PROBLEM TO SOLVE
Entries below include pictures. Output exactly the lines from the one with "前3名都是慢性疾病,傳染病只" down to the one with "Koyu kahverengi ahşaptan", both ends included, and leave the pictures out.

STUDY MATERIAL
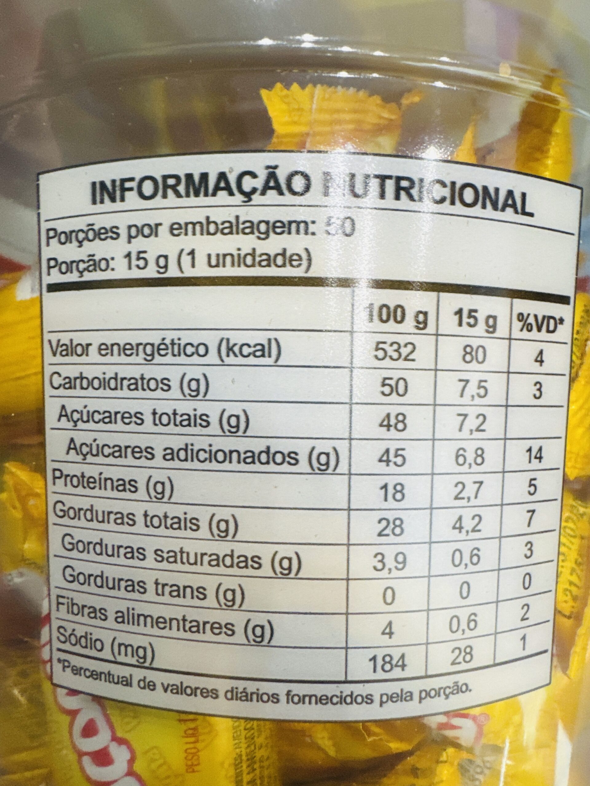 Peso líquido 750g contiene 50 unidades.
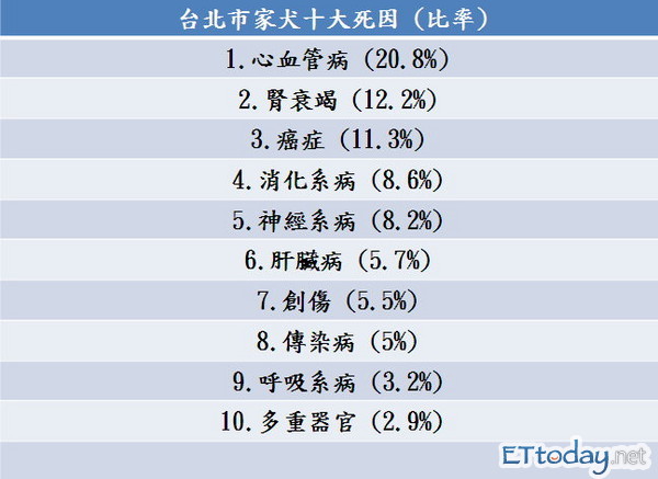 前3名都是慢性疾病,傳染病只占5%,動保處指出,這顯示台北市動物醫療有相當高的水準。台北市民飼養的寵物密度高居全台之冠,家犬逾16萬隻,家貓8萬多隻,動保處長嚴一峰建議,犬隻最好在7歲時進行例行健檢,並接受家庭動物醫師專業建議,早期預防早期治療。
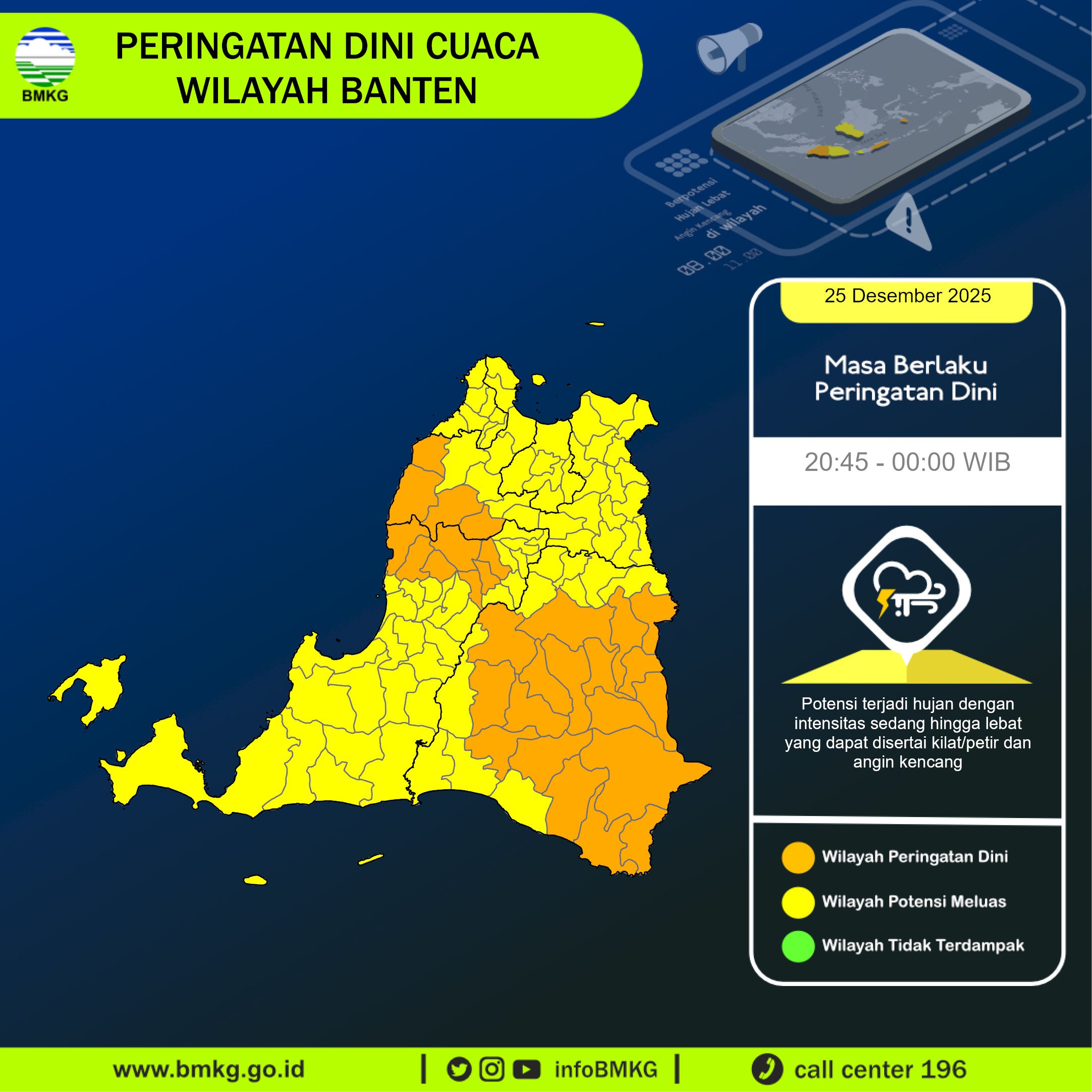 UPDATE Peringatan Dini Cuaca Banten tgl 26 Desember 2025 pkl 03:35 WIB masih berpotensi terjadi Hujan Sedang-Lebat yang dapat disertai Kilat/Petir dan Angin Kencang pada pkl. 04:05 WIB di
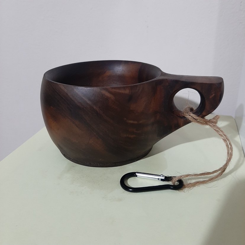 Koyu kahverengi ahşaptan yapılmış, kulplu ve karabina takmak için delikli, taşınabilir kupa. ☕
--
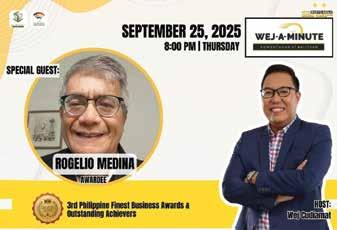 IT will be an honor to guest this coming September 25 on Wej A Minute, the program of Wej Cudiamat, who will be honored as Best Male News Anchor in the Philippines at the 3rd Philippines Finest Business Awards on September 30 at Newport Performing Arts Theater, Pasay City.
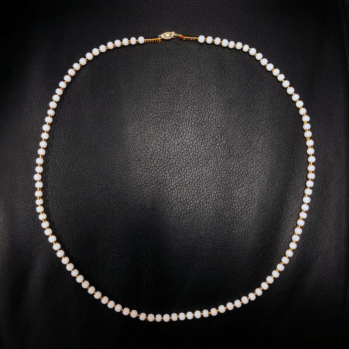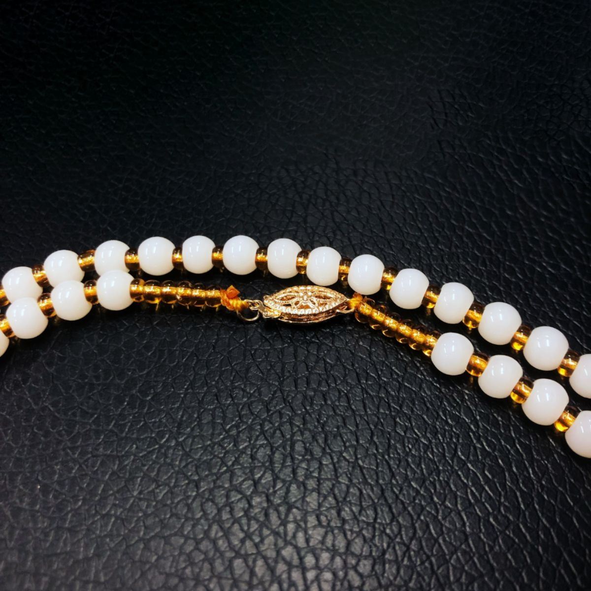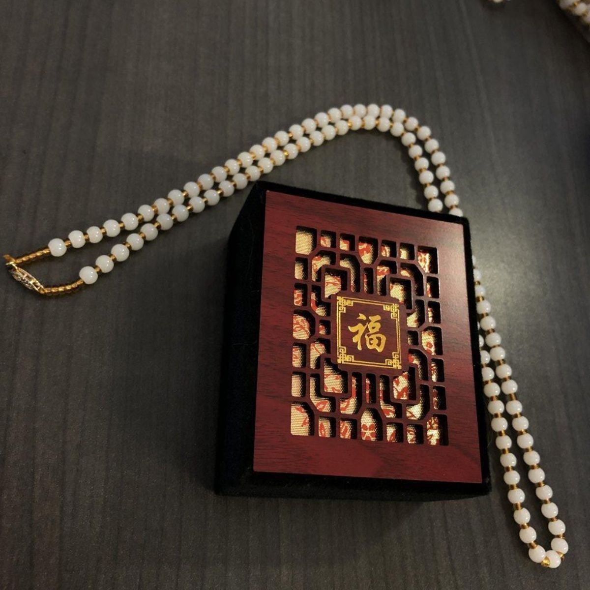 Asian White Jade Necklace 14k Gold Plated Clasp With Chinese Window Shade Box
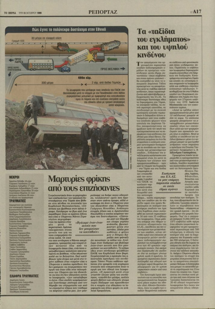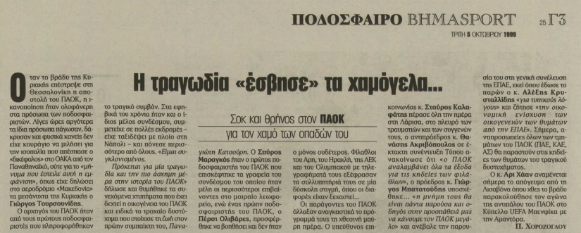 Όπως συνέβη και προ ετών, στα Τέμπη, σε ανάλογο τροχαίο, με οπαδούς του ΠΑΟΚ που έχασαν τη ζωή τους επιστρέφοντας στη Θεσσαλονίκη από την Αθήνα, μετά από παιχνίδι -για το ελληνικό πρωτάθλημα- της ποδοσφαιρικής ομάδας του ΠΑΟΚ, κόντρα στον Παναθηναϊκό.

TASK SOLUTION
 前3名都是慢性疾病,傳染病只占5%,動保處指出,這顯示台北市動物醫療有相當高的水準。台北市民飼養的寵物密度高居全台之冠,家犬逾16萬隻,家貓8萬多隻,動保處長嚴一峰建議,犬隻最好在7歲時進行例行健檢,並接受家庭動物醫師專業建議,早期預防早期治療。
 UPDATE Peringatan Dini Cuaca Banten tgl 26 Desember 2025 pkl 03:35 WIB masih berpotensi terjadi Hujan Sedang-Lebat yang dapat disertai Kilat/Petir dan Angin Kencang pada pkl. 04:05 WIB di
 Koyu kahverengi ahşaptan yapılmış, kulplu ve karabina takmak için delikli, taşınabilir kupa. ☕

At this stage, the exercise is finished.